Work task
Please retype the listing below exactly as it stands, skipping any pictures.

Start of Block

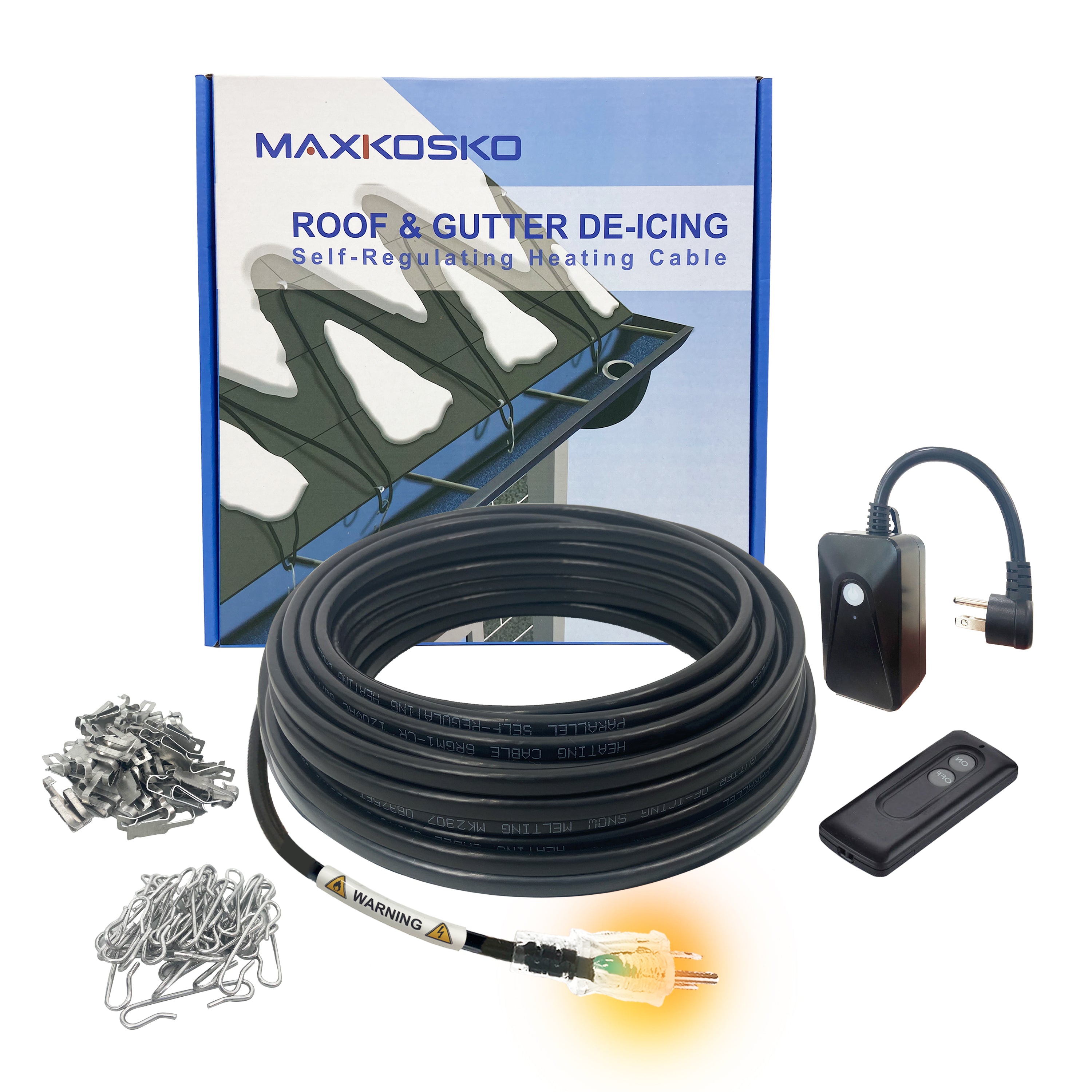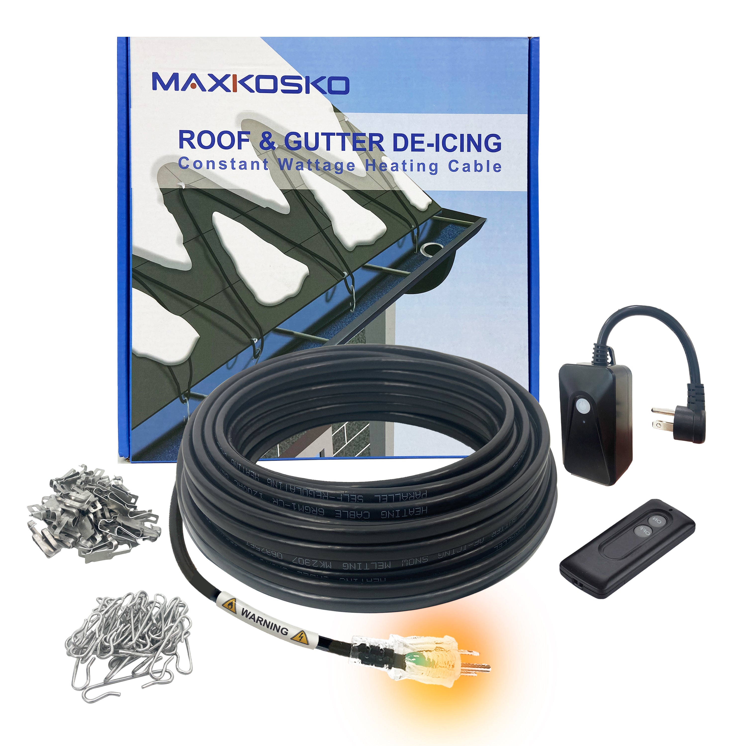 Maxkosko gutter heat trace cable, constant wattage heat tape, clips and spacers included, 10ft power cold, 7w/ft
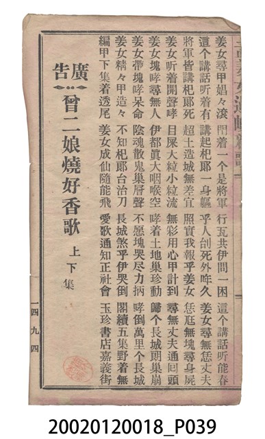 根據歌仔冊與唸歌 - 國立臺灣大學圖書館 數位典藏館 cdm.lib.ntu.edu.tw/cdm/landingpage/collection/kua-a-tsheh資料補充,推測應是昭和11年的文物
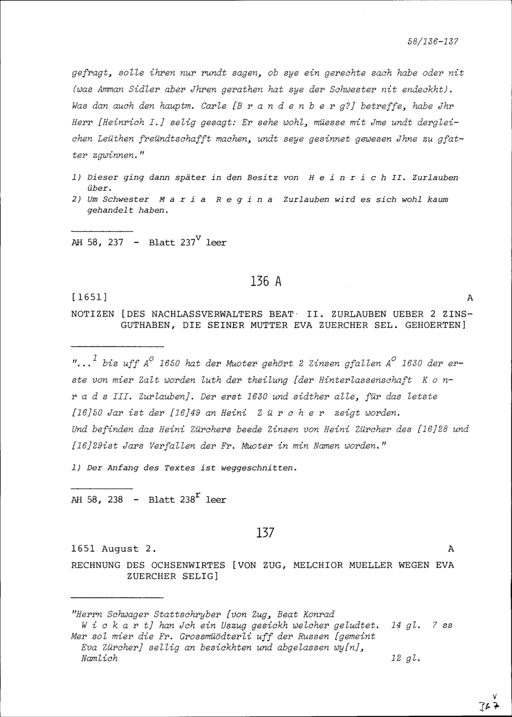 Notiz von Beat II. Zurlauben, Nachlassverwalter, zum Streit mit Anna Elisabeth Wallier...
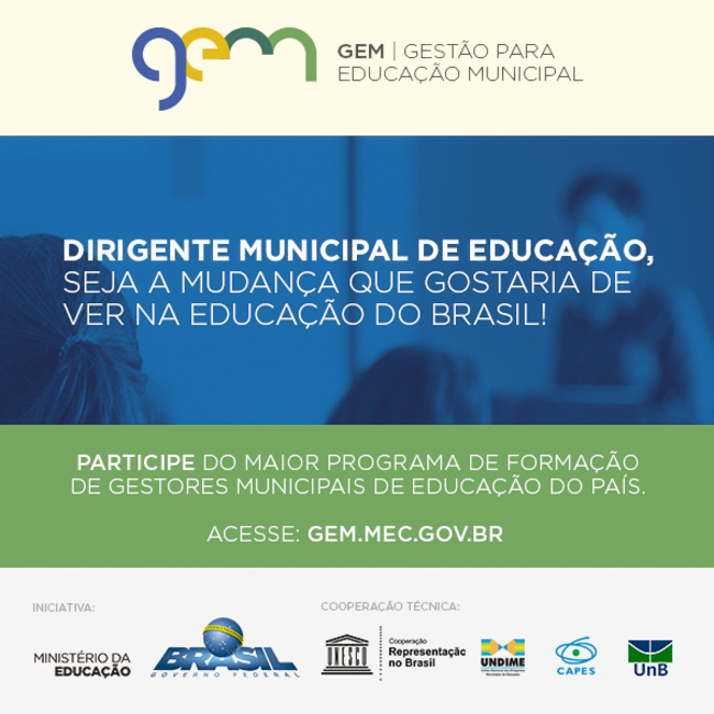 Com o objetivo de apoiar a formação continuada dos dirigentes e técnicos municipais de todo o país no processo de implementação de políticas educacionais, o Ministério da Educação (MEC) lançou o programa Gestão para a Educação Municipal (GEM). Composto de três etapas – aperfeiçoamento, especialização lato sensu em gestão da educação pública e mestrado profissional em gestão da educação municipal – o programa recebe até o dia 16 de abrilinscrições para o Curso GEM de aperfeiçoamento, o primeiro do programa.
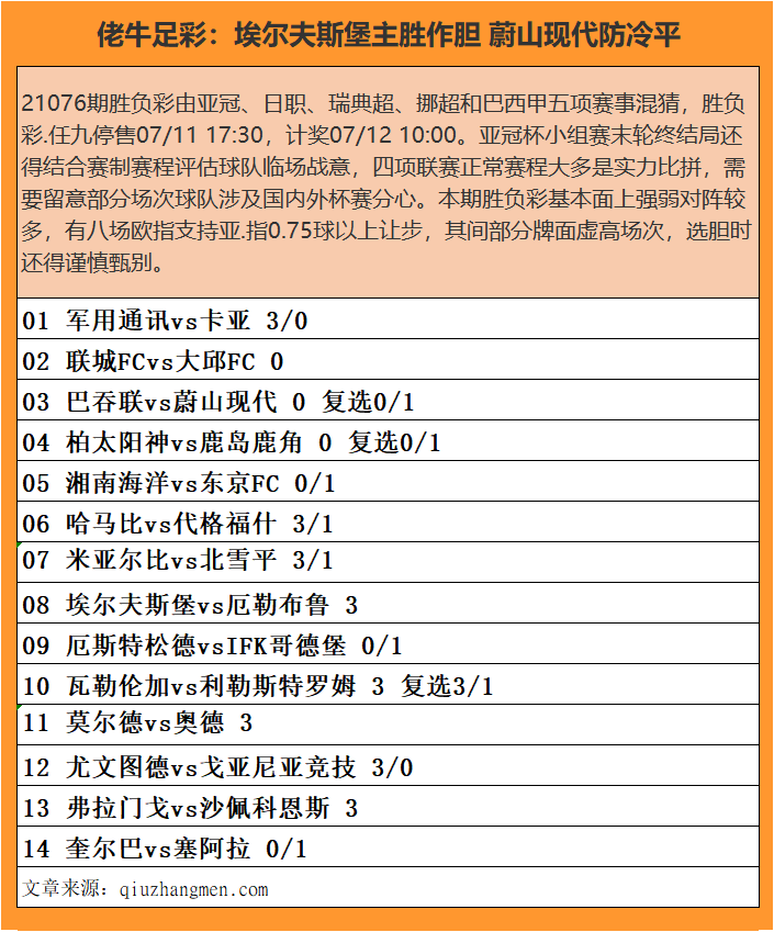 21076期胜负彩由亚冠、日职、瑞典超、挪超和巴西甲五项赛事混猜,胜负彩.任九停售07/11 17:30,计奖07/12 10:00。亚冠杯小组赛末轮终结局还得结合赛制赛程评估球队临场战意,四项联赛正常赛程大多是实力比拼,需要留意部分场次球队涉及国内外杯赛分心。本期胜负彩基本面上强弱对阵较多,有八场欧指支持亚.指0.75球以上让步,其间部分牌面虚高场次,选胆时还得谨慎甄别。

End of Block

Response to the exercise
 Maxkosko gutter heat trace cable, constant wattage heat tape, clips and spacers included, 10ft power cold, 7w/ft
 根據歌仔冊與唸歌 - 國立臺灣大學圖書館 數位典藏館 cdm.lib.ntu.edu.tw/cdm/landingpage/collection/kua-a-tsheh資料補充,推測應是昭和11年的文物
 Notiz von Beat II. Zurlauben, Nachlassverwalter, zum Streit mit Anna Elisabeth Wallier...
 Com o objetivo de apoiar a formação continuada dos dirigentes e técnicos municipais de todo o país no processo de implementação de políticas educacionais, o Ministério da Educação (MEC) lançou o programa Gestão para a Educação Municipal (GEM). Composto de três etapas – aperfeiçoamento, especialização lato sensu em gestão da educação pública e mestrado profissional em gestão da educação municipal – o programa recebe até o dia 16 de abrilinscrições para o Curso GEM de aperfeiçoamento, o primeiro do programa.
 21076期胜负彩由亚冠、日职、瑞典超、挪超和巴西甲五项赛事混猜,胜负彩.任九停售07/11 17:30,计奖07/12 10:00。亚冠杯小组赛末轮终结局还得结合赛制赛程评估球队临场战意,四项联赛正常赛程大多是实力比拼,需要留意部分场次球队涉及国内外杯赛分心。本期胜负彩基本面上强弱对阵较多,有八场欧指支持亚.指0.75球以上让步,其间部分牌面虚高场次,选胆时还得谨慎甄别。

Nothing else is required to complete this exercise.